-------- MATERIALS PROVIDED

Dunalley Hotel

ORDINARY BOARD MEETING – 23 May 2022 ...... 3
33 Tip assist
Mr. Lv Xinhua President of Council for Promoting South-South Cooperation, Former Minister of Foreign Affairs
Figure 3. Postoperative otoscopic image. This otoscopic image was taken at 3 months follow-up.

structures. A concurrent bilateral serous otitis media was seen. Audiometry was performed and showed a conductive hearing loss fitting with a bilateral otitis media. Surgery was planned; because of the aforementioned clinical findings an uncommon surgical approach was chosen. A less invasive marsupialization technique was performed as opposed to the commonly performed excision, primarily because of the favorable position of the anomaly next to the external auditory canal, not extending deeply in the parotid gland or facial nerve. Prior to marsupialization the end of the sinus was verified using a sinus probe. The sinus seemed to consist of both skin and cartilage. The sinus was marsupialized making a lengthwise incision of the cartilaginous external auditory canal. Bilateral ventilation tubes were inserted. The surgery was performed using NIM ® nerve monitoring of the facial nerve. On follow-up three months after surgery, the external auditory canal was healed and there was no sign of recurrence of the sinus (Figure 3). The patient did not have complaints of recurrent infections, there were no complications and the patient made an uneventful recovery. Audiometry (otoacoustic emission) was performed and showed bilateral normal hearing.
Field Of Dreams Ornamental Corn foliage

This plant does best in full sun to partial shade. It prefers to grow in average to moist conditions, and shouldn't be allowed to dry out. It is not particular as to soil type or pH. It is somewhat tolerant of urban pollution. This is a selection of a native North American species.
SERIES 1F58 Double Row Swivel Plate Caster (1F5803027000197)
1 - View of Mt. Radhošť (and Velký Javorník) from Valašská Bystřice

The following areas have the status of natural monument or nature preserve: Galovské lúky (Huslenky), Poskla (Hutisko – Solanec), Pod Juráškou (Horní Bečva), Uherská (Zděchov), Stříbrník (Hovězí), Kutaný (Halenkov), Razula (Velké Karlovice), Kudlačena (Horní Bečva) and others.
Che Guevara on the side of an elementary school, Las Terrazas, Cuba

----------------
-------- MATERIALS PROVIDED

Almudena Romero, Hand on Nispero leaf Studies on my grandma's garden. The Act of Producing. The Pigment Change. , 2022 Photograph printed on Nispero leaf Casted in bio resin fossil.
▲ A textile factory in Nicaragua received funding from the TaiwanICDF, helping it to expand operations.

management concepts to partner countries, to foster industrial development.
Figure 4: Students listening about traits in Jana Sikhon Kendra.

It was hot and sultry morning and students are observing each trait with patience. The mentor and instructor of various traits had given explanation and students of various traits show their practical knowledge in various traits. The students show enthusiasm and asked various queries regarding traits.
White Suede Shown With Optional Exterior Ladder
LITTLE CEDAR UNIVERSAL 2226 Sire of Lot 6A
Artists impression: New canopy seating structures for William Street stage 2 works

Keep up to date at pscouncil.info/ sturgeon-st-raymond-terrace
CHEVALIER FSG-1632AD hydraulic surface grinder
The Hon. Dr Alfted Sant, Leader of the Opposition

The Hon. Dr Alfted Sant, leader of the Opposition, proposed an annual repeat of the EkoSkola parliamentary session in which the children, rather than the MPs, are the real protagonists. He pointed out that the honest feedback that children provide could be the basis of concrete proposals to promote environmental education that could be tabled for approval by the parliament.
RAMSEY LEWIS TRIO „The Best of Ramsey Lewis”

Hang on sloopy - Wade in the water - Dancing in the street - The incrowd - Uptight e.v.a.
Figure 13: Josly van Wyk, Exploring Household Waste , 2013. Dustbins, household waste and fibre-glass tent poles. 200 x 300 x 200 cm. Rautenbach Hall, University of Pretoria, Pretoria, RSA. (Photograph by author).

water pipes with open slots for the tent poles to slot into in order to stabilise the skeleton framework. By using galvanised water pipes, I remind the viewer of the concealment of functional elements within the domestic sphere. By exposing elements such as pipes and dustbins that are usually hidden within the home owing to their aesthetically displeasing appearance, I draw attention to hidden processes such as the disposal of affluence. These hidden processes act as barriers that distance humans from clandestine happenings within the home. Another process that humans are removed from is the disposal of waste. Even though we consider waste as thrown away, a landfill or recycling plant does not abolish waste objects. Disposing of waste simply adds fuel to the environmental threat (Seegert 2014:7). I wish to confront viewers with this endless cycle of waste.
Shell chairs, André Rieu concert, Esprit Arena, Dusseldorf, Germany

----------------

▶ PROBLEM DESCRIPTION:
Since only part of the listing is wanted, copy exactly the lines from the one holding "Artists impression: New" to the one holding "Figure 13: Josly", both included.

▶ YOUR SOLUTION:
Artists impression: New canopy seating structures for William Street stage 2 works

Keep up to date at pscouncil.info/ sturgeon-st-raymond-terrace
CHEVALIER FSG-1632AD hydraulic surface grinder
The Hon. Dr Alfted Sant, Leader of the Opposition

The Hon. Dr Alfted Sant, leader of the Opposition, proposed an annual repeat of the EkoSkola parliamentary session in which the children, rather than the MPs, are the real protagonists. He pointed out that the honest feedback that children provide could be the basis of concrete proposals to promote environmental education that could be tabled for approval by the parliament.
RAMSEY LEWIS TRIO „The Best of Ramsey Lewis”

Hang on sloopy - Wade in the water - Dancing in the street - The incrowd - Uptight e.v.a.
Figure 13: Josly van Wyk, Exploring Household Waste , 2013. Dustbins, household waste and fibre-glass tent poles. 200 x 300 x 200 cm. Rautenbach Hall, University of Pretoria, Pretoria, RSA. (Photograph by author).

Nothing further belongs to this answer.